Sampling Bias

Dr. Rachel Arocho; Dr. Christie Knight; Rachel Munk

Sampling Bias

In all research designs, your goal is to get the best information possible with the fewest resources. Balance this goal with practical limitations (can you actually do a simple random sample if you don’t have any way to get a sampling frame, for example?), and you can begin to see that the process of determining and implementing a sampling design is not simple.

Basically, to help with the “best information possible” part of the goal, we need to think about reducing potential sampling bias as much as possible. “Bias” sounds like a bad word, but it’s a natural part of research, and it likely doesn’t mean what you might think on first glance. Bias, in this case, simply means that a sample doesn’t look like the population it is meant to represent in one way or another. Our goal as researchers is to acknowledge sampling bias, limit it as much as possible, and document what we can’t limit. If a sample gets biased enough, it might not be applicable to the population we were originally going for; that’s a problem, but even then, we can usually acknowledge the bias, define the population the sample does generalize to, and be careful of our interpretations and generalizations from the research.

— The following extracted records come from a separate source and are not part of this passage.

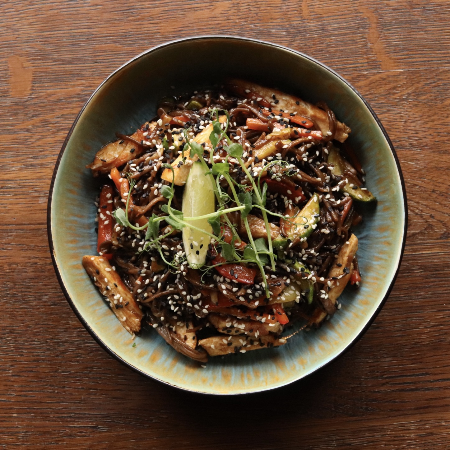 Мікс салату, слабо солений лосось, авокадо, яйце пашот. Заправлений медово-лимоним соус та прекрашений кунжутом.
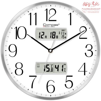 首页 > 仪器仪表 > 钟 > 康巴丝(COMPAS)挂钟 创意万年历石英钟表挂墙客厅卧室时钟日历温湿度挂表 C3264-2 银色双显款(zhyghf_983200090)SKU:yzwhyp911925
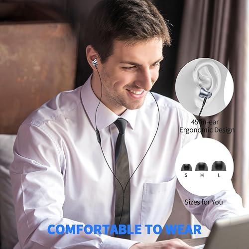 3 Size In-Ear Earbuds : Come with 3 sizes soft silicone eartips (L/M/S), you can choose your size for comfortable fit. Ergonomic semi in-ear earbuds design, no earpress feeling ,no pain in ears after long time wear.45 degrees into the ear, not easy to fall
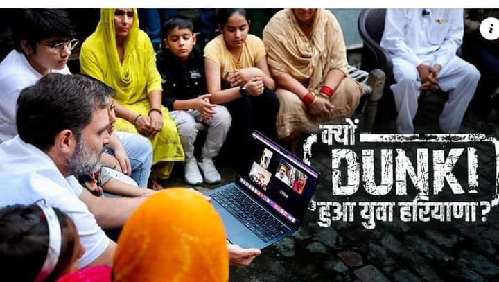 राहुल की ‘डंकी’ को सबने देखा अगर कोई नहीं देख पाया तो वे हरियाणा कांग्रेस के महत्वाकांक्षी बूढ़े नेता और नेत्रियां थीं जिनके बेटे-बेटियाँ राजनीति के रोज़गार में ही फल-फूल रहे हैं, जिन्हें डंकी रास्तों से विदेश जाने की कभी ज़रूरत ही नहीं पड़ी।

Who sampled, how, and for what purpose?

Have you ever been a participant in someone’s research? If you have ever taken an introductory psychology or sociology class at a large university, that’s probably a silly question to ask. While social science researchers on college campuses have access to a bunch of (presumably) willing and able human guinea pigs, but that luxury comes at the cost of sample representativeness. One study of top academic journals in psychology found that over two-thirds (68%) of participants in studies published by those journals were based on samples drawn in the United States (Arnett, 2008). ^[1] Further, the study found that two-thirds of the work that derived from US samples published in the Journal of Personality and Social Psychology was based on samples made up entirely of American undergraduates taking psychology courses.

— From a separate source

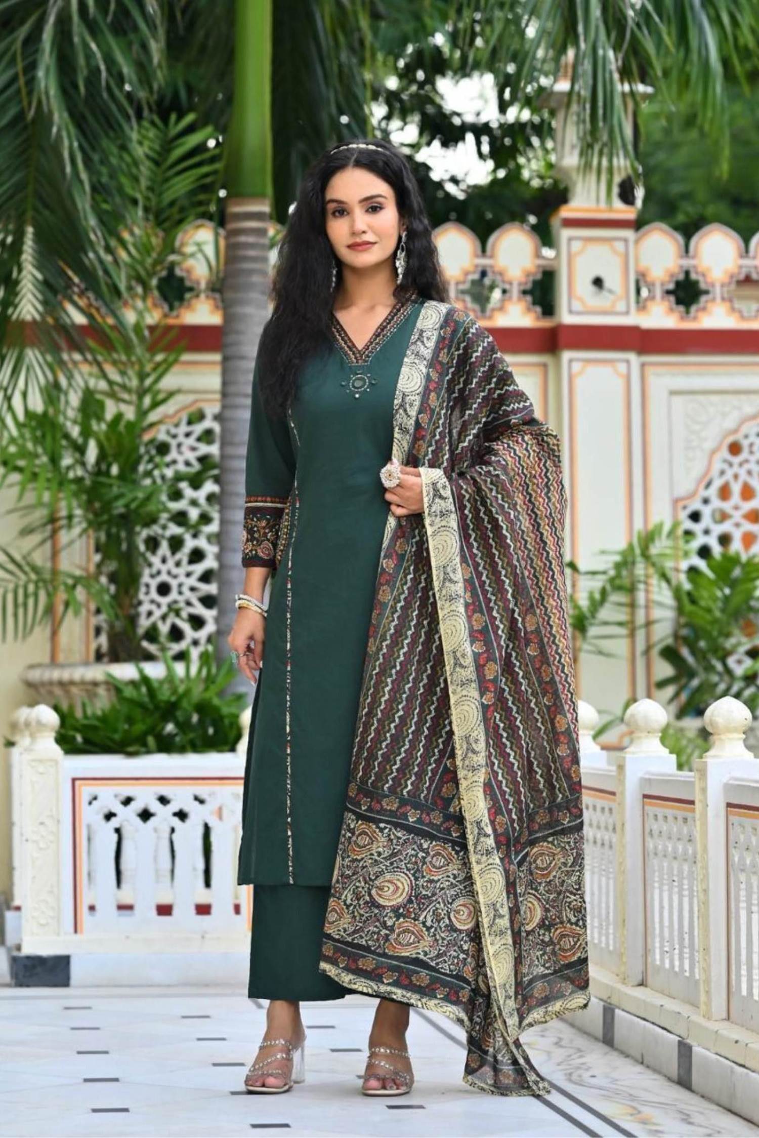Green Color Summer Wear Kurti Plazo With Dupatta

These findings certainly raise the question: What do we actually learn from social scientific studies and about whom do we learn it? That is exactly the concern raised by Joseph Henrich and colleagues (Henrich et al., 2010), ^[2] authors of the article “The Weirdest People in the World?” In their piece, Henrich and colleagues point out that behavioral scientists commonly make sweeping claims about human nature based on samples drawn only from WEIRD (Western, Educated, Industrialized, Rich, and Democratic) societies. These claims are often based on even narrower samples, as is the case with many studies relying on samples drawn from college classrooms. As it turns out, many robust findings about the nature of human behavior like fairness, cooperation, visual perception, trust, and others are based on studies that excluded participants from outside the United States and sometimes excluded anyone outside the college classroom (Begley, 2010). ^[3] This certainly raises questions about what we know about human behavior as opposed to the behavior of US residents or US undergraduates behavior. Of course, not all research findings are based on samples of WEIRD folks like college students, but we should always pay attention to the population that studies are based on and the claims that the study makes about populations.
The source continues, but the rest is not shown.